Jeffery Francis as Don Anchise, the lusty Podestà always after the latest woman who has caught his eye, had a surprisingly lean voice despite his swagger. His smirk also got quite unbearable after awhile. The saucy and would-be sexy chambermaid Serpetta, sung by Sunhae Im, with her lace-up boots, cigarettes, and a habit of straddling chairs backwards, was a bit strident if fun to watch.

Nevertheless, the loyal if slightly silly manservant Nardo loves her, in a buffa role filled superbly by Michael Nagy. A country bumpkin who declares his love while carrying around piles of plates and getting tangled in extension cords, he had a big voice and was obviously the audience favorite.

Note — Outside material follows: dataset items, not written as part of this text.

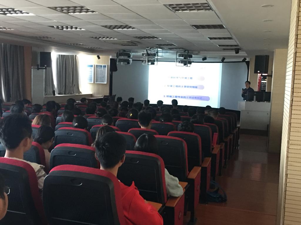 徐志兵教授从环境工程专业的历史背景和由来、环境工程专业所需学习的主要内容、环境工程专业前景这三个方面展开讲述,其中特别强调“学习不仅仅只是学习知识,更多的是从中学习到其思维方法和提高解决问题的能力”,提醒每位学生应明白和持有的学习目的和态度。此外,徐志兵教授对同学们的大学生活提出了几点建议,一是确定学习目标,养成良好的学习习惯,二是积极参与有关专业的活动,提升自身专业能力。最后是现场交流环节,徐志兵教授就同学们提出的一些专业方面的问题做了详细全面的回答。
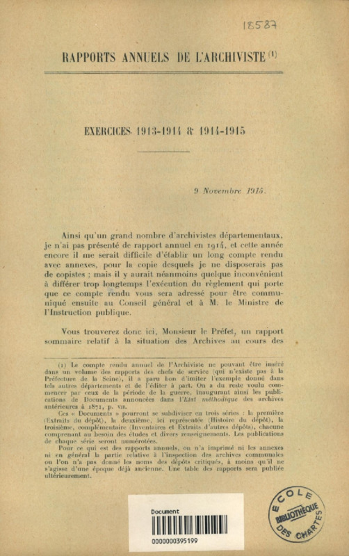 Rapports annuels de l'archiviste de 1914 à 1919
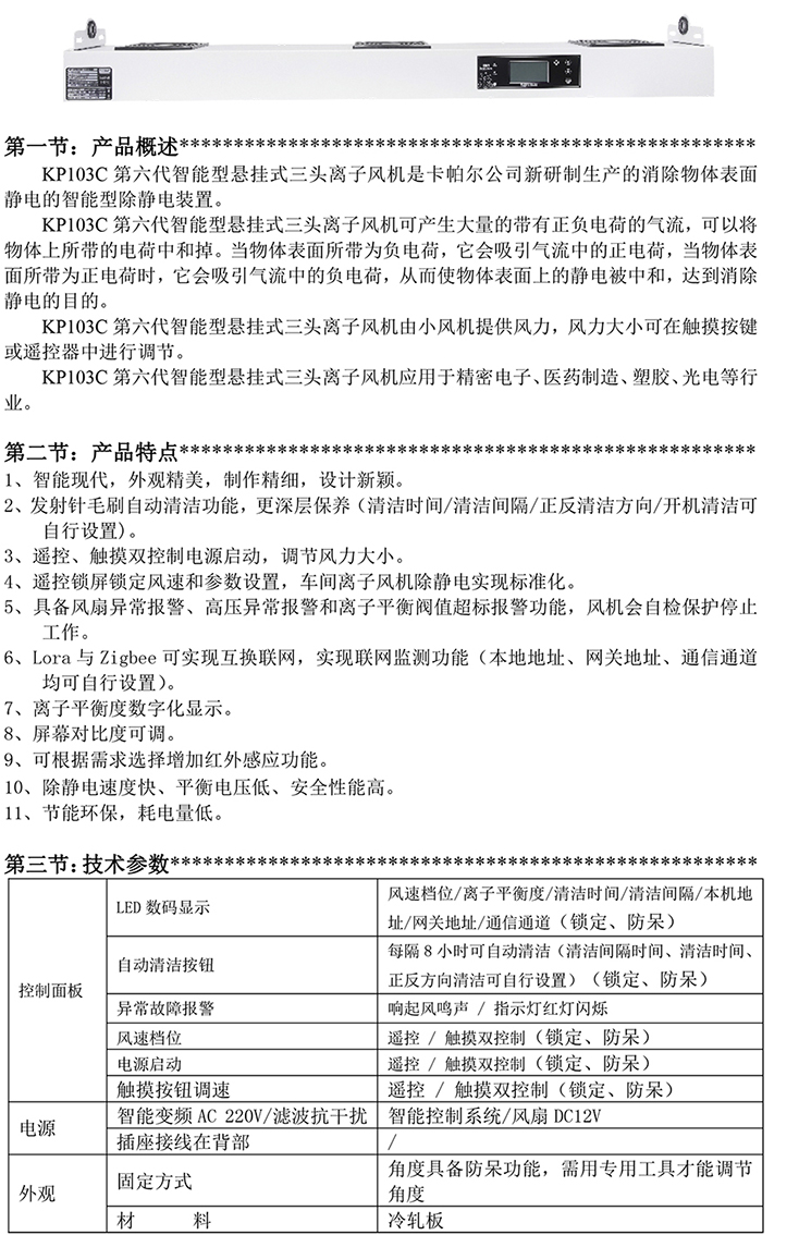 KP103C第六代智能型懸掛式三頭離子風(fēng)機(jī)
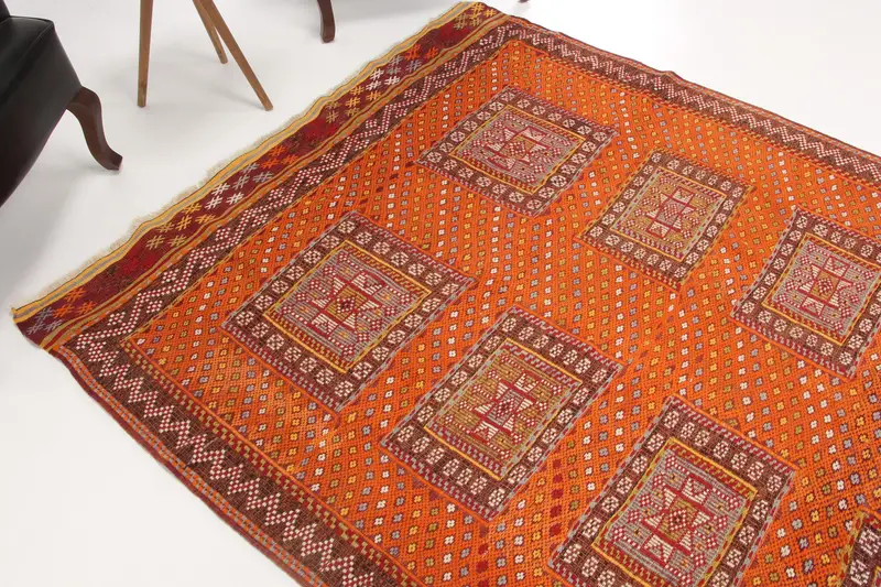 Türk 5.6x7.7 ft Halı, Vintage Halı, Turuncu Çiçekli Halı Yün
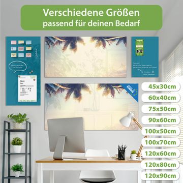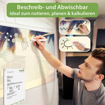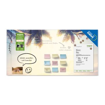 Die banjado Glas Magnettafel mit dem Motiv Motiv Paradis verbindet Funktionalität mit Stil. Sie ersetzt das Zettelchaos durch klare Strukturen und bringt dabei eine warme, natürliche Atmosphäre in Ihr Zuhause. Ob im Büro, in der Küche oder im Eingangsbereich - dieses Design-Board zieht Blicke an und sorgt für Ordnung mit Charakter.
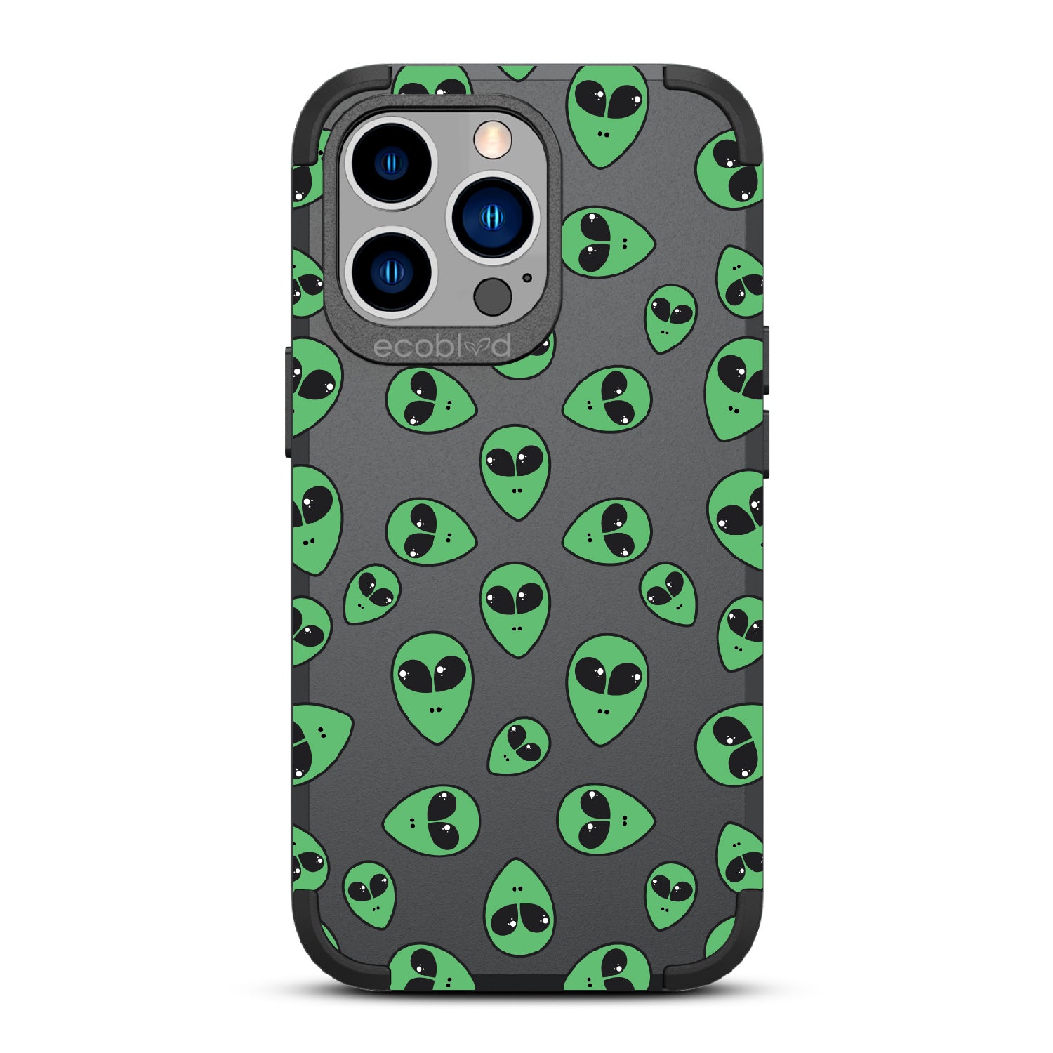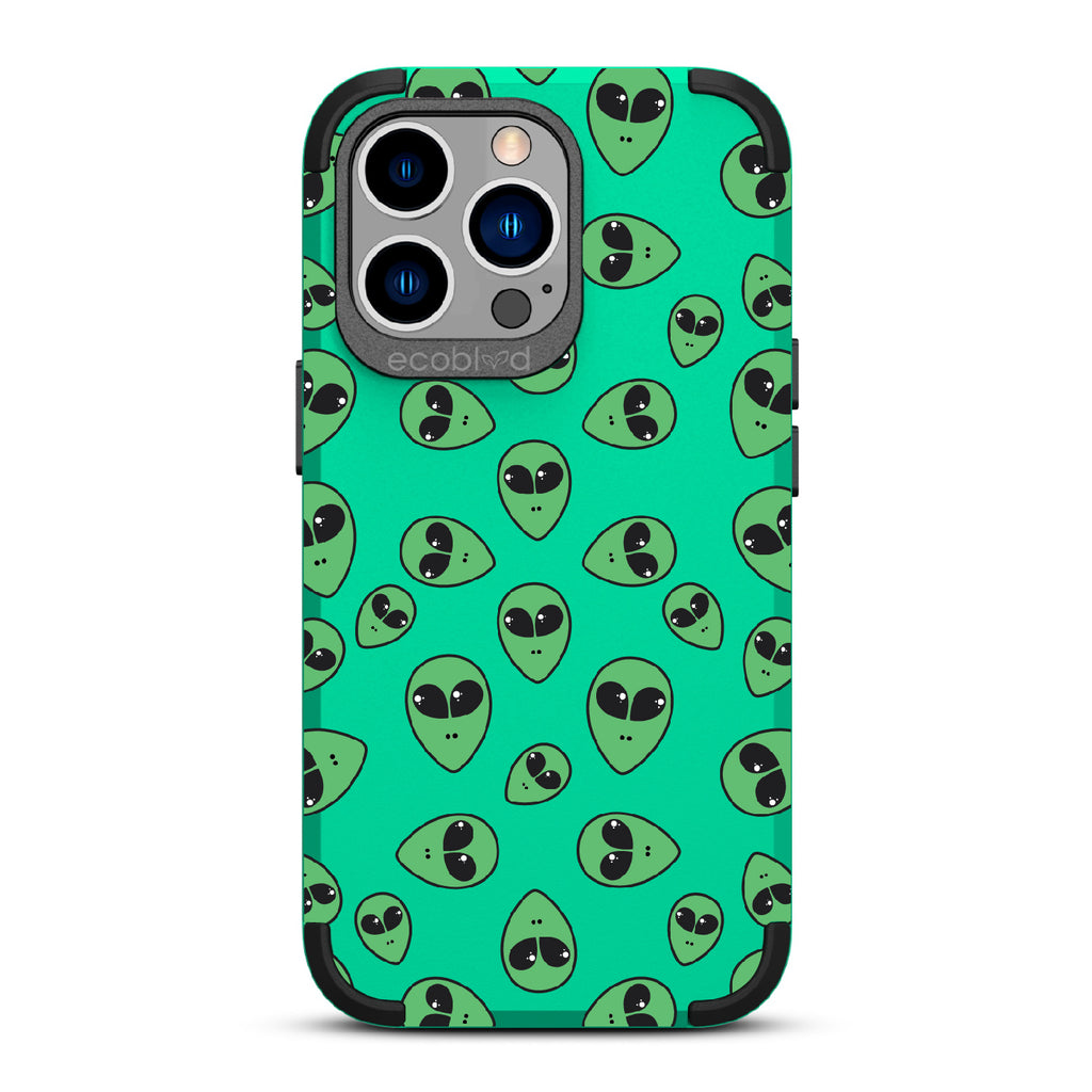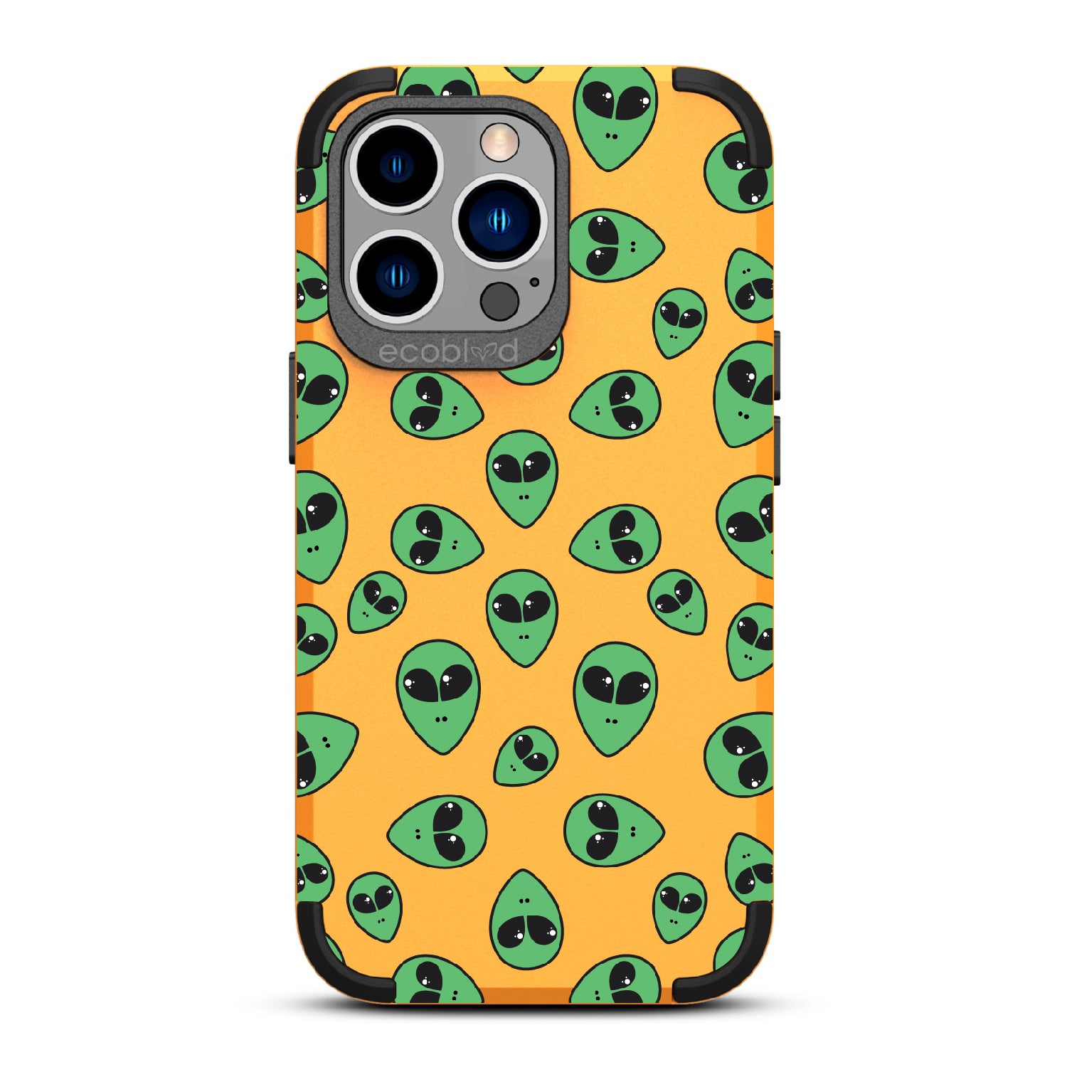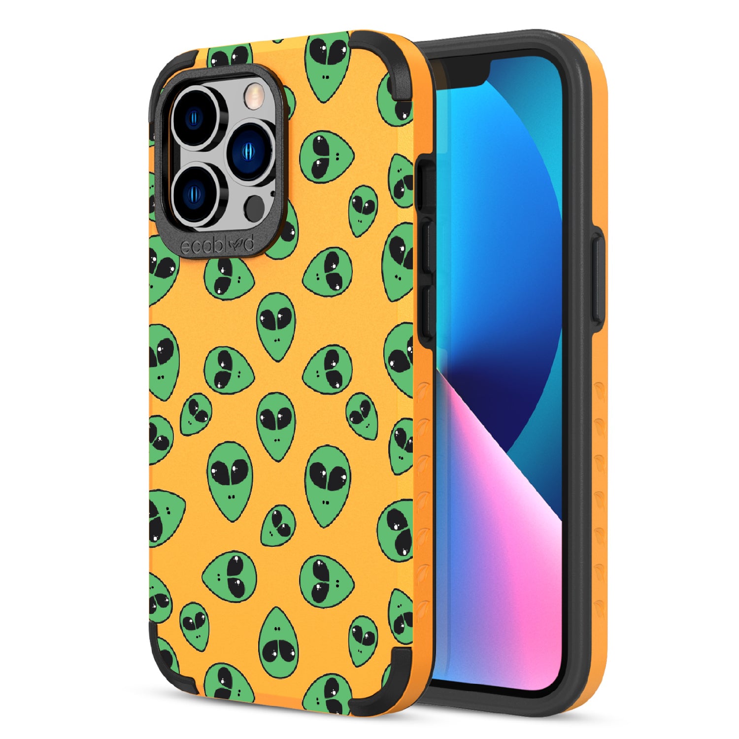 "We come in peace," the Aliens design on our Mojave rugged and compostable iPhone 12 Pro Max case & iPhone 13 Pro Max case announces as classic green extraterrestrial alien emojis decorate your phone's surface, offering an out-of-this-world look in all vibrant five colors: Midnight Black, Cascade Blue, Foliage Green, Illuminating Yellow, and Wildflower Pink.

René Jacobs proved that paying attention to every single note in a more than three-hour-long opera can provide a luster that is often lacking in baroque orchestras. The Freiburger Barockorchester was clear and clean. Especially the basso continuo group, including the surprising sound of a fortepiano, was wonderfully expressive. The emotional nuances of the recitatives were carefully underlined.

The giardiniera wanders around with a blood-stained wedding dress and her garden sheers: symbols of the wounds we carry with us in our love relationships and the (sometimes laughable) tools we use to fight back? This is definitely a tale about women who are trying to be resilient and men who aren’t quite sure how to be effective.

In the end, everyone gets the one they love (or deserve). Only the old padrone is left standing. He’ll still have to wait for some pretty spring chicken to show up. With his cigar, grin and Mussolini jodhpurs, I’m sure he’ll have no trouble finding her.